A petabyte is a measure of memory or data storage capacity that is equal to 2 to the 50th power of bytes. There are 1,024 terabytes (TB) in a petabyte -- or 1 million gigabytes (GB) -- and approximately 1,024 PB make up one exabyte.
Petabytes are not suited to traditional data backups, which have to scan the entire system every time a data backup or archiving job occurs. Traditional network-attached storage (NAS) is scalable and capable of handling petabytes of data, but it can take too much time and use too many resources when going through the system's organized storage index.
Comparing memory and not storage, a typical laptop or desktop computer contains 16 GB of random access memory (RAM). A top-end server can contain as much as 6 TB of RAM. That means it would take 170 top-end servers -- or roughly 61,000 desktops -- to add up to a single petabyte of RAM.
For another example of how large a petabyte of storage is, a typical DVD holds 4.7 GB of data. That means a single terabyte of storage could hold 217.8 DVD-quality movies, while a single petabyte of storage could hold 223,101 DVD-quality movies.
Facebook's data warehouse stores approximately 10 billion user photos, which adds up to about 1.8 PB of storage space. In 2014, the company began planning to accommodate 300 PB of user data.
Petabyte storage vendors
Barely a decade ago, data storage vendors would boast of selling an aggregate of a petabyte or two in all of their storage systems sold. Due to the continued rapid increase in data storage capacity requirements, it's now common to see individual companies and even single storage systems with more than a petabyte of storage capacity.
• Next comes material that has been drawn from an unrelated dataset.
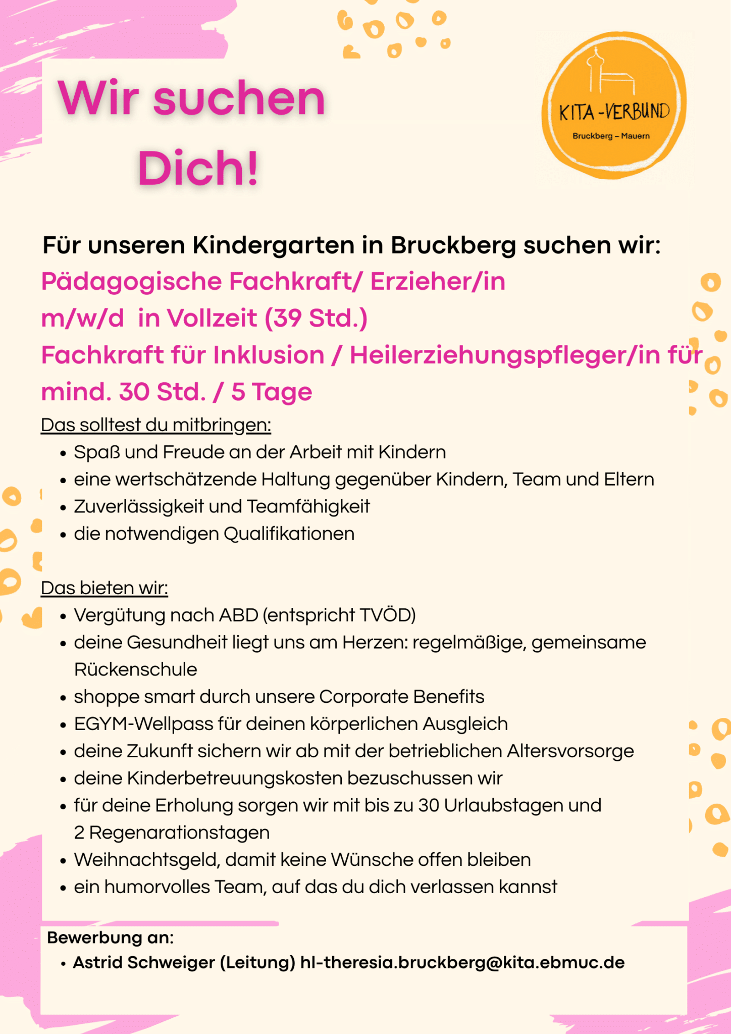 Sie sind hier: Startseite » Kindergarten Bruckberg sucht eine Pädagogische Fachkraft/ Erzieher/in m/w/d in Vollzeit und eine Fachkraft für Inklusion / Heilerziehungspfelger/in für mind- 30 Std. / 5 Tage

In 2013, Fujitsu announced its Eternus DX block storage devices, which can scale from 4.6 PB to 13.8 PB of raw capacity. The HGST Active Archive System, released in 2015, scales to 4.7 PB of raw data. DataDirect Networks offers ExaScaler storage arrays with up to 14 PB of capacity across two racks. And the latest EMC Isilon NAS arrays can scale up to 50 PB.
In August 2017, Intel announced a new form factor for solid-state drives (SSDs) it calls the ruler. Roughly a foot long and looking like a thick ruler, Intel claims that when the new SSD form factor comes to market, it will pack enough flash memory to allow a petabyte of storage to fit in a single 1U server rack. In comparison, using typical 10 TB 3.5-inch hard disk drives (HDDs) would require a 100-bay 4U rack and significantly more power.
Petabyte backups and storage
However, other data storage technologies can back up and archive at a petabyte scale.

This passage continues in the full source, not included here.